Design Proportion Confidence Interval

Background Information

The purpose of this method is to find the proportion of sample locations on the site that have a certain characteristic of concern (such as presence of a contaminant above a specified level or detectable presence) and compute the upper confidence limit (UCL) on that proportion of samples. You want to be X% confident that the true proportion of samples on the site that have the characteristic of concern is below the UCL.

Equations Used to Calculate Recommended Minimum Number of Samples

The equation used to calculate the number of samples is based on a standard normal approximation of the binomial distribution.  A standard normal approximation of the binomial distribution is used to determine the number of samples because of the fluctuation in statistical power associated with the exact binomial proportion confidence interval.  Small changes in the estimate of the proportion cause drastic changes in the associated statistical power (Chernick & Liu, 2002).  This in turn translates to seemingly contradictory sample size requirements.  Using the standard normal approximation guarantees that with greater uncertainty, the number of samples required to satisfy the confidence level increases.  Given that the number of samples is modestly large and the proportion of unacceptable items is neither approximately 0 nor 1, then the sample size generated by the standard normal approximation is sufficient.

The equation used to calculate the number of samples is:

\begin{equation} n = {(z_{1-\alpha})^2 p (1-p) \over d^2} \end{equation}

where

\(n\)

is the number of samples required,

\(\alpha\)

is the maximum acceptable probability that the true proportion exceeds the UCL,

\(z_{1-\alpha}\)

is the value of the standard normal distribution such that the proportion of the distribution less than \(z_{1-\alpha}\) is \(1-\alpha\),

\(d\)

is the maximum desired difference between the estimated proportion and the UCL, and

\(p\)

is the maximum expected proportion. This proportion is set at 0.5 unless specified by the user.

Statistical Assumptions

The assumptions associated with the formulas for computing the number of samples are:

1.

The distribution of samples with the characteristic of concern follows a Binomial(\(n\);\(p\)) distribution where \(n\) = total number of samples and \(p\) = proportion of unacceptable samples.

2.

The sampling locations will be selected randomly or any judgmentally selected samples are representative of the population. If using judgment sampling to select those locations where the likelihood of unacceptable samples is highest, the estimated proportion could be biased high. This may be acceptable if one desires an upper bound on the true proportion.

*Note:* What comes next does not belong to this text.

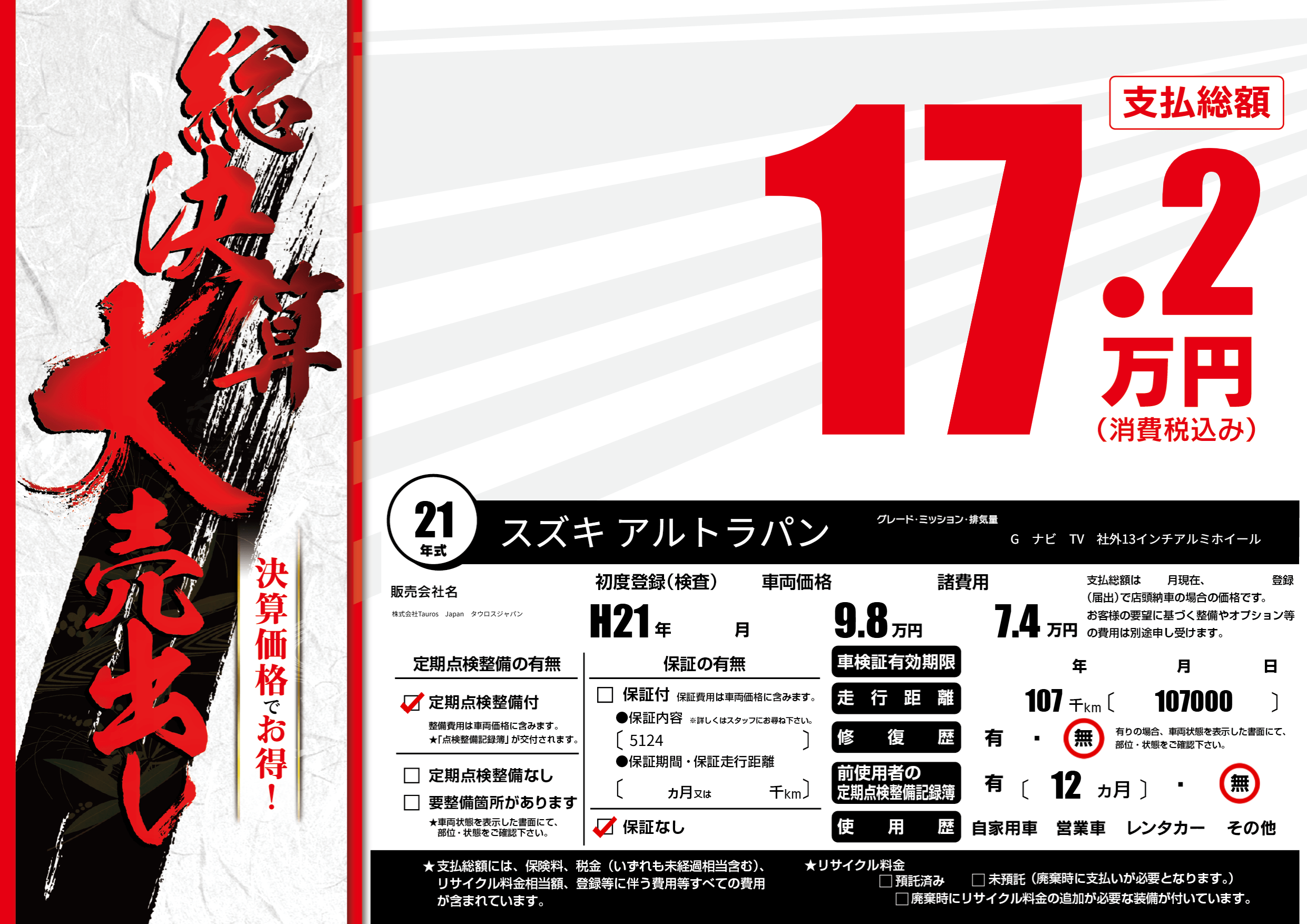 | 走行キロ | 10.7万km | 初年度登録 | H21年---月 |

The these assumptions will be assessed in a post data collection analysis.

Data Analysis

Given the total number of samples obtained and the number of those samples that have a certain characteristic of concern (unacceptable or contaminated), the estimated proportion and an upper confidence limit (UCL) on that proportion can be calculated. The methodology used to calculate the UCL is the Agresti-Coull method (Agresti & Coull, 1998). This method is preferred over the UCL given by the standard normal approximation. The UCL associated with the standard normal approximation does not have sufficient coverage probability when the number of samples is small. In essence, the Agresti-Coull method gives a tight upper bound on confidence and, in theory, the true value for the proportion is contained in the confidence interval \( (1-\alpha)\)% of the time. The formula used is:

\begin{equation} UCL = \tilde{p} +z_{(1-\alpha)} \sqrt{{1 \over \tilde{n}}\tilde{p} (1-\tilde{p})} \end{equation}

where

\( \tilde{n}\)

= \(n+z_{(1-\alpha)}^2 \)

\( \tilde{p}\)

= \({1 \over \tilde{n}} ( X+{1 \over 2}z_{(1-\alpha)}^2 ) \)

\(n\)

is the number of samples obtained,

\(\alpha\)

is the maximum acceptable probability that the true proportion exceeds the UCL,

\(z_{1-\alpha}\)

is the value of the standard normal distribution such that the proportion of the distribution less than \(z_{1-\alpha}\) is \(1-\alpha\),

\(X\)

is the number of unacceptable or contaminated samples

References:

Agresti, A., & Coull, B. (1998). Approximate is better than "exact" for interval estimation of binomial proportions. The American Statistician, 52(2), 119-126.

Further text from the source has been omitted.